期刊
IEEE TRANSACTIONS ON PARALLEL AND DISTRIBUTED SYSTEMS
卷 30, 期 4, 页码 800-813出版社
IEEE COMPUTER SOC
DOI: 10.1109/TPDS.2018.2870389
关键词
Auto-scaling; elasticity; workload forecasting; service demand estimation; IaaS cloud; benchmarking; metrics
资金
- German Research Foundation (DFG) [KO 3445/11-1]
- Swedish Research Council (VR) under the project Cloud Control
- Research Group of the Standard Performance Evaluation Corporation (SPEC)
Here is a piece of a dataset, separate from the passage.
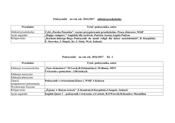 Podręczniki na rok szk. 2016/2017 Tytuł podręcznika, autor Przedmiot Oddział przedszkolny Język angielski Religia/etyka Cykl:,,Paczka Puszatka”- roczne przygotowanie przedszkolne. Praca zbiorowa .WSiP ,,Happy campers:" Angielski dla zerówek ,Patricia Acosta,Augela Padron „Kocham dobrego Boga. Podręcznik do nauki religii dla dzieci sześcioletnich”, D. Kurpiński, E. Osewska, J. Slopek, Ks. J. Stala, Wyd. Jedność. Podręczniki Przedmiot Edukacja wczesnoszkolna Edukacja muzyczna Edukacja plastyczna Zajęcia komputerowe/informatyka Wychowanie fizyczne Religia/etyka Język angielski oddział przedszkolny na rok szk. 2016/2017 Kl. I Tytuł podręcznika, autor ,,Nasz elementarz”-M.Lorek,B.Ochmańska,L.Wollman, MEN Ćwiczenia z pomysłem : J.Brzózka,K Podręcznik z ćwiczeniami.Klasa 1, WSiP A.Kulesza ,,Żyjemy w Bożym świecie” ,E.Kondrak,D.Kurpiński,J.Snopek; Jedność English Quest 1 – podręcznik i ćwiczenia ,J.Corbett, R.O'Farrell,M.Kondro; Macmillan Podręczniki Edukacja muzyczna Edukacja plastyczna Zajęcia komputerowe/informatyka Wychowanie fizyczne Religia/etyka Język angielski Nasza szkoła. Podręcznik do szkoły podstawowej .Klasa 2,M.Lorek,M.Zatorska Nasza szkoła. Matematyka. Podręcznik do szkoły podstawowej. Klasa 2. Autor:A.Ludwa Ćwiczenia z pomysłem. WSiP Nasza szkoła. Podręcznik do szkoły podstawowej. Klasa 2.Autorzy: M.Lorek,M.Zatorska Nasza szkoła. Podręcznik do szkoły podstawowej. Klasa 2.Autorzy: M.Lorek,M.Zatorska ,,Idziemy do Jezusa”-podręcznik do religii dla klasy II szkoły podstawowej; D.Kurpiński,J.Snopek,wyd.Jedność ,,English Quest 2"- podręcznik i zeszyt ćwiczeń ,J.Corbett, R.O'Farrell, wyd.Macmillan Podręczniki Przedmiot Edukacja wczesnoszkolna Edukacja muzyczna Edukacja plastyczna Zajęcia komputerowe/informatyka Wychowanie fizyczne Religia/etyka Kl. II Tytuł podręcznika, autor Przedmiot Edukacja wczesnoszkolna na rok szk. 2016/2017 na rok szk. 2016/2017 Kl. III Tytuł podręcznika, autor Nasza szkoła. Podręcznik do szkoły podstawowej .Klasa 3,M.Lorek,M.Zatorska Nasza szkoła. Matematyka. Podręcznik do szkoły podstawowej. Klasa 2. Autor:A.Ludwa Ćwiczenia z pomysłem. WSiP Nasza szkoła. Podręcznik do szkoły podstawowej. Klasa 3.Autorzy: M.Lorek,M.Zatorska Nasza szkoła. Podręcznik do szkoły podstawowej. Klasa 3.Autorzy: M.Lorek,M.Zatorska ,,Jezus jest z nami”-podręcznik i zeszyt ćwiczeń ,red.Ks.dr J.Czerkawski,E.Kondrak, wyd. Jedność Język angielski ,,English Quest3"- podręcznik i zeszyt ćwiczeń ,JCorbett,R.O'Farrell,wyd.Macmillan Podręczniki Przedmiot na rok szk. 2016/2017 Kl. IV Tytuł podręcznika, autor Język polski ,,Słowa z uśmiechem” E.Horwath,A.Żegleń ・podręcznik do kształcenia literackiego;,,Słowa z uśmiechem. Literatura i kultura. ・podręcznik do nauki o języku;,,Słowa z uśmiechem. Nauka o języku. Ortografia” - zeszyt ćwiczeń :,,Słowa z uśmiechem. Nauka o języku i ortografia” Język angielski ,,Steps Forward”- podręcznik , Sylwia Wheeldon,Tim Falla , Oxford ,,Steps Forward” - ćwiczenia ,,Muzyczny świat” - T.Wójcik , MAC Edukacja ,,Plastyka” , S. Stopczyk, WSiP ,,Historia wokół nas” - podręcznik + zeszyt ćwiczeń , R.Lolo,A.Pieńkowska,R.Towalski,WSiP ,,Przyrodo,witaj”- podręcznik + zeszyt ćwiczeń , E.Gromek, E.Kłos,W.Kafta,E.Laskowska,A.Melson ,,Matematyka wokół nas” - podręcznik + zeszyt ćwiczeń, H.Lewicka,M.Kowalczyk, WSiP ,,Lekcje z komputerem” Zajęcia komputerowe klasa 5- W.Jochemczyk,I.Krajewska-Kranas, WSiP Muzyka Plastyka Historia i społeczeństwo Przyroda Matematyka Zajęcia komputerowe/informatyka Zajęcia techniczne/technika Religia/etyka Język niemiecki ,,Technika na co dzień 4-6” ,E.Bubak,E.Królicka,M.Duda,WSiP ,,Miejsca pełne BOGACTW” , podręcznik + zeszyt ćwiczeń Ks.dr K.Mielnicki,B.Nosek,E.Kondrak, Jedność Punkt IV A.Potapowicz, WSiP Podręczniki Przedmiot na rok szk. 2016/2017 Kl. V Tytuł podręcznika, autor Język polski ,,Słowa z uśmiechem” E.Horwath,A.Żegleń ・podręcznik do kształcenia literackiego;,,Słowa z uśmiechem. Literatura i kultura. ・podręcznik do nauki o języku;,,Słowa z uśmiechem. Nauka o języku i ortografia” - zeszyt ćwiczeń :,,Słowa z uśmiechem. Nauka o języku i ortografia” Język angielski ,,Steps Forward”- podręcznik , Sylwia Wheeldon,Tim Falla , Oxford ,,Steps Forward” - ćwiczenia ,,Muzyczny świat” - T.Wójcik , MAC Edukacja ,,Plastyka” , S. Stopczyk, WSiP ,,Historia wokół nas” - podręcznik + zeszyt ćwiczeń , R.Lolo,A.Pieńkowska,R.Towalski,WSiP ,,Przyrodo,witaj”- podręcznik + zeszyt ćwiczeń , E.Gromek, E.Kłos,W.Kafta,E.Laskowska,A.Melson ,,Matematyka wokół nas” - podręcznik + zeszyt ćwiczeń, H.Lewicka,M.Kowalczyk, WSiP ,,Lekcje z komputerem klasa 5” - W.Jochemczyk,I.Krajewska-Kranas,W.Kranas-WSiP Muzyka Plastyka Historia i społeczeństwo Przyroda Matematyka Zajęcia komputerowe/informatyka Zajęcia techniczne/technika Religia/etyka Język niemiecki ,,Technika na co dzień" 4-6,E.Bubak,E.Królicka,M.Duda,WSiP ,,Spotkania uBOGAcające” podręcznik + zeszyt ćwiczeń , Ks.dr K.Mielnicki,E.Parszewska,E.Kondrak, Jedność Punkt V, A.Potapowicz, WSiP Podręczniki Przedmiot na rok szk. 2016/2017 Kl. VI Tytuł podręcznika, autor Język polski ,,Między nami”-A.Łuczak,A.Murdzek ,,Miedzy nami – zeszyt ćwiczeń cz.1 i 2 – A.Łuczak, A,.Murdzek , GWO Język angielski ,,Steps in English – Oxford Students Book- T.Falla,Paul A Davies,S.Wheeldon,E.Palczak Worlkbook-S.Wheeldon,M.Szpotowicz ,,Muzyczny świat” - T.Wójcik , MAC Edukacja ,,Plastyka” , S. Stopczyk, WSiP ,,Historia wokół nas” - podręcznik + zeszyt ćwiczeń , R.Lolo,A.Pieńkowska,R.Towalski,WSiP ,,Przyrodo,witaj”- podręcznik + zeszyt ćwiczeń , E.Gromek, E.Kłos,W.Kafta,E.Laskowska,A.Melson ,,Matematyka wokół nas” - podręcznik + zeszyt ćwiczeń, H.Lewicka,M.Kowalczyk, WSiP ,,Komputerowe opowieści” - M.Gulgowski, J.Lipski, Czarny Kruk M

Auto-scalers for clouds promise stable service quality at low costs when facing changing workload intensity. The major public cloud providers provide trigger-based auto-scalers based on thresholds. However, trigger-based auto-scaling has reaction times in the order of minutes. Novel auto-scalers from literature try to overcome the limitations of reactive mechanisms by employing proactive prediction methods. However, the adoption of proactive auto-scalers in production is still very low due to the high risk of relying on a single proactive method. This paper tackles the challenge of reducing this risk by proposing a new hybrid auto-scaling mechanism, called Chameleon, combining multiple different proactive methods coupled with a reactive fallback mechanism. Chameleon employs on-demand, automated time series-based forecasting methods to predict the arriving load intensity in combination with run-time service demand estimation to calculate the required resource consumption per work unit without the need for application instrumentation. We benchmark Chameleon against five different state-of-the-art proactive and reactive auto-scalers one in three different private and public cloud environments. We generate five different representative workloads each taken from different real-world system traces. Overall, Chameleon achieves the best scaling behavior based on user and elasticity performance metrics, analyzing the results from 400 hours aggregated experiment time.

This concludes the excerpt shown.